Posts tagged magazine

Humans & other beings: My story, “A History of Burning” is now available in the Summer 2018 issue of Midwestern Gothic. This is a dream pub for realsies. Much like my story, “Must Believe in Ghost” and its appearance in The Normal School, I could hardly imagine a more fitting place for this story than Midwestern Gothic.

fireboyheartlandThis is the story that won the 2015 Tom Williams Prize in Fiction at the end of my MFA. Judge Kevin Brockmeier admired this story for “its energy, its color, its empathy, and most of all, because nearly every sentence is perfectly tuned to its own intentions.” Despite rejecting it, GC Waldrep praised this story for its “bravura opening” and for “making a wily virtue of telling rather than showing.” Tom Payne said, “Its narrative voice gets me, sailing far above this darkest blue of blue collar worlds with a sharp, historical intelligence.”

For me, this story was written in a single weekend, mostly out of a writer’s block of frustration. It’s also one of the most autobiographical of my stories. About 80% of what’s in this story are true events filtered through the lives of the characters on the page.

Order this. Support writers & small presses.

Shadow CV: This story was rejected 38 times before it found its home.

This summer I’ll have at least two new publications out: My story of high-octane American childhood grief, “A History of Burning” will be published by Midwestern Gothic and “The Bangor Crows”, a tale of a woman overwhelmed by depression and the mystery of the chthonic evil that inhabits the town that Stephen King calls home, in Longleaf Review.

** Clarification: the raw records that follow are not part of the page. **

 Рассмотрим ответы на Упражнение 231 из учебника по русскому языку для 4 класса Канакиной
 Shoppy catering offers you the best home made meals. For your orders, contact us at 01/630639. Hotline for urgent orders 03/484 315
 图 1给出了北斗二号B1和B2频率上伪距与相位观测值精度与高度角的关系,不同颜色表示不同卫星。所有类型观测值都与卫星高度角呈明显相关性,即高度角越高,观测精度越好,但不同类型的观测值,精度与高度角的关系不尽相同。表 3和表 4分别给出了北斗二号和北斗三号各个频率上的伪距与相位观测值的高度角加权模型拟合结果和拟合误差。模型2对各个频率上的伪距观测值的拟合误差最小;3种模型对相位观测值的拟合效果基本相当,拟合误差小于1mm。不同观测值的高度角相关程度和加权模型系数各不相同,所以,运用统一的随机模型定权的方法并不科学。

I’ve only just finished grading for the semester, a taking a quick jaunt to Wisconsin for my dad’s 60th birthday, then returning home to write a goddamned novel if it kills me.

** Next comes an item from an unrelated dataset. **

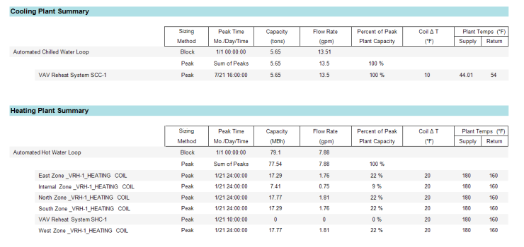 The Cooling and Heating Plant Summary tables appear on the Plant Summary report. Plants that are set to "Peak" sizing will simply add up all peak coil loads from the Ideal Loads Peak calculation. Plants that are set to "Block" sizing will perform an additional calculation to determine the flow required to meet the block load of all the coils in the Simulation Peak calculation (See Ideal Peak Versus Simulation Peak, and the various peak times.) Coil approach matters in the block sizing for calculating the required flow rate through the coils to push the heat through the coil.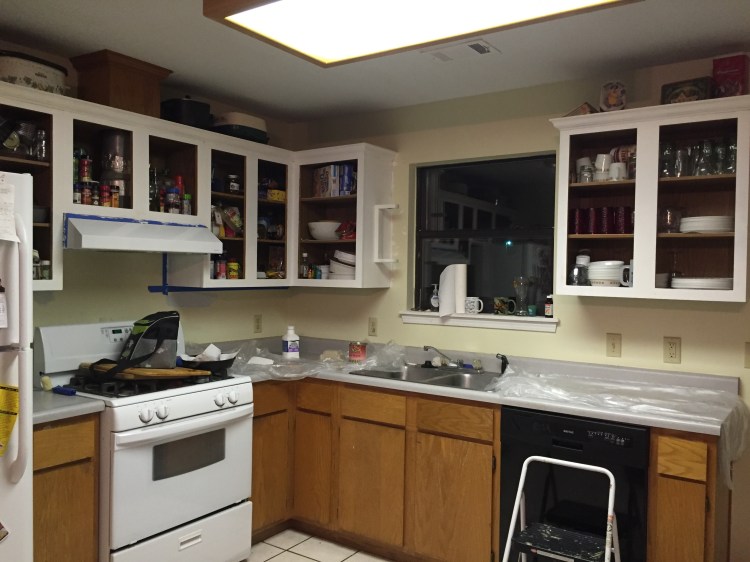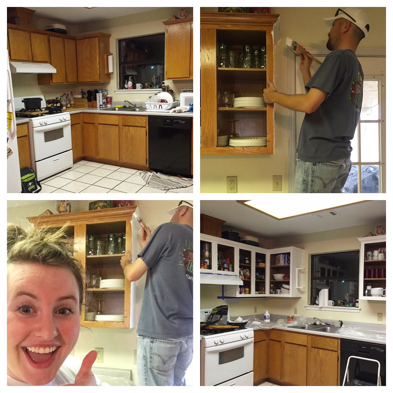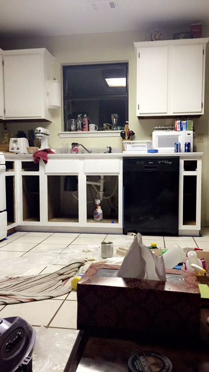 While the cabinets were not the worst, I hated them, so I started doing research on the best way to paint cabinets and convince Andrew that this was a MUST on our to do list for the house. It wasn’t an option for us to spend the money on getting new cabinets so painting them was a cost effective way to get the look I wanted. Let me start by saying that we did this project while we were in premarital counseling. Make sure your communication is on a high point when you start a tedious project like this. Also notice how excited I looked at the beginning haha! I also thought that we could paint them all in one day. That was funny. After researching different methods, I settled on a milk paint by General Finishes in a color called Snow White. We chose milk paint because it didn’t require sanding and priming, so we thought it would save a lot of time. In the end, I would say it is pretty much a wash on time. The milk paint called for a coat of deglosser which we bought at Lowe’s for about $7. A little bit goes a LONG way. This basically took off the finish that was on the cabinets and prepped them so the paint would stick better to them. It will be sticky, just warning you. When you take off the doors of your cabinets make sure you label them by number of where they came from. Even if they look the same size they might not be and when you are hanging them back up they might not match without labeling. We also put all the screws and hinges in bags labeled for each door. Next we started the painting process. It took 2 to 3 coats of the milk paint and then 2 coats of the General Finishes High Performance Top Coat in Flat. This sealed the paint and as Andrew says, this process gave it a different look then just painting it. To save money we also decided to paint the henges and screws to make them match the knobs we picked out. I cleaned them really well then set them on news paper and sprayed them down with spray paint by Rust-Oleum in a brown hammered color. It was less than $6 and looked GREAT!!

It’s been two years of depression and writer’s block and it’s time to get busy writing. I’ve found ways to keep engaged: teaching writing and editing for Outlook Springs, but I’ve hardly written anything, paralyzed by the gap between how great I felt finishing up my MFA and the harsh reality afterward of my blank screen with the monsters of what-is-art-for-especially-in-the-face-of-advancing-fascism chanting, chanting, chanting, “WHAT ARE YOU DOING?” and shutting down all avenues of escape.

Creating characters, a whole world, is like getting into a new relationship: you have to be ready for the deep dive, to learn another person completely. But since the end of my MFA and the aftermath of the election, I have this bandwidth problem, this lack of signal, this literary attention-deficit disorder where I can’t pay enough attention to do the deep dive, to put in the time and attention of making people. There’s enough horror in the world; why should I torture fictional people too?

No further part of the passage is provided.